Dear Seattle Metro Chamber Members:
The discourse about the Seattle City Council's proposed tax on jobs is heating up as more people continue to question the Council's spending priorities and plan.
Last week Amazon, our city's largest private employer, shared specifics about its decision to pause construction, and re-evaluate a lease, pending the Seattle City Council's vote on the tax on jobs. What affects our largest employers will have repercussions throughout our economic ecosystem, as Iron Workers shared with Councilmember Kshama Sawant on Thursday, and as I told the Seattle Times in an article published today.
As the Council heads toward a final vote on May 14, it has not demonstrated how this significant investment will turn the tide on homelessness in our city. Your voice is needed.

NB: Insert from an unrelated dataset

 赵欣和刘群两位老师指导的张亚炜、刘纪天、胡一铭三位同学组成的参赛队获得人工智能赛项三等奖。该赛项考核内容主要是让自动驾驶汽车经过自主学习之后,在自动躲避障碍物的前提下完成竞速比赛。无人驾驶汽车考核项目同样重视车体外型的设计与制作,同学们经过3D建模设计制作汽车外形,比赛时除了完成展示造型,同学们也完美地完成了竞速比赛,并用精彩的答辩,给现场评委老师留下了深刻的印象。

Here is how you can help this week:
- Show up: The Council is holding a 30-minute public comment period at a just-announced meeting at 9:30 a.m. this Wednesday, May 9, at City Hall. It is critical that we have a strong showing at this hearing to build on the focused, respectful presence we had last time. Even if you don't testify, please consider attending to show support those who will. Please let Connie Au-Yeung from our office know if you plan to attend.

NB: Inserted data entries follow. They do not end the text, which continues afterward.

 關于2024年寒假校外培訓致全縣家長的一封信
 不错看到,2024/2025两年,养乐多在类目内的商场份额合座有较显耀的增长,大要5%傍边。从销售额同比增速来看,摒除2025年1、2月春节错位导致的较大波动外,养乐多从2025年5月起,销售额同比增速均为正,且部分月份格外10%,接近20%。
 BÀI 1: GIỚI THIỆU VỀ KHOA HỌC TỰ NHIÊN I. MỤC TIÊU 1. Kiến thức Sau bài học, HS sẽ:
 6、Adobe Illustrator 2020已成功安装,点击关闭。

- Share your story: Every employer has a story to tell. Please consider sharing how the tax will affect you and your employees, particularly if there are business decisions that will be affected by the outcome of this proposal. Please contact Alicia Teel if you are willing and able to speak to the media about this.
- Stay on message: We have gained incredible traction in the civic conversation over the past two months by being clear about why we oppose this tax on jobs. Seattle's business community has strongly supported taxes in the past for investments with a clear plan, including the $290 million housing levy renewal in 2016. The points below are essential to the conversation.

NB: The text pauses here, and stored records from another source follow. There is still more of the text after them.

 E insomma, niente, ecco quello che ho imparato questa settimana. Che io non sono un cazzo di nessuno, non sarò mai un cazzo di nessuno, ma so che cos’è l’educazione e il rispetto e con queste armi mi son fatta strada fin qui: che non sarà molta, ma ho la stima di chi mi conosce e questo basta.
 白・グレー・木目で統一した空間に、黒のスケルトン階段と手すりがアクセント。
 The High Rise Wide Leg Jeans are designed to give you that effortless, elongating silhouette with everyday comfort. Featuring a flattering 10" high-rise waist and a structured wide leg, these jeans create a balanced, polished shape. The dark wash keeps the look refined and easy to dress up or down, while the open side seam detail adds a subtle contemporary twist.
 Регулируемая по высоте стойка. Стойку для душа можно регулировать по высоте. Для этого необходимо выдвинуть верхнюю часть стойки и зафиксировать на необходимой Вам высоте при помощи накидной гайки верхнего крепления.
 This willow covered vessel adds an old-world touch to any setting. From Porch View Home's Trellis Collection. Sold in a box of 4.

- The Council has demonstrated an alarming recklessness about spending. Even with record revenues, including $700 million per year from business taxes for the general fund, the City's budget director warned last Monday that the City is facing deficits in 2019 and 2020.
- This plan will not reduce homelessness, and given the Council's inconsistent approach to the issue, we cannot trust that their plan will turn the tide of this crisis. The City already spends $63 million on homelessness and has allocated over $100 million for affordable housing this year.
- A tax on jobs is not the answer - instead, we urge the Council to take a regional approach to this regional challenge and coordinate its work with the One Table effort.
Thank you for your continued partnership on this issue.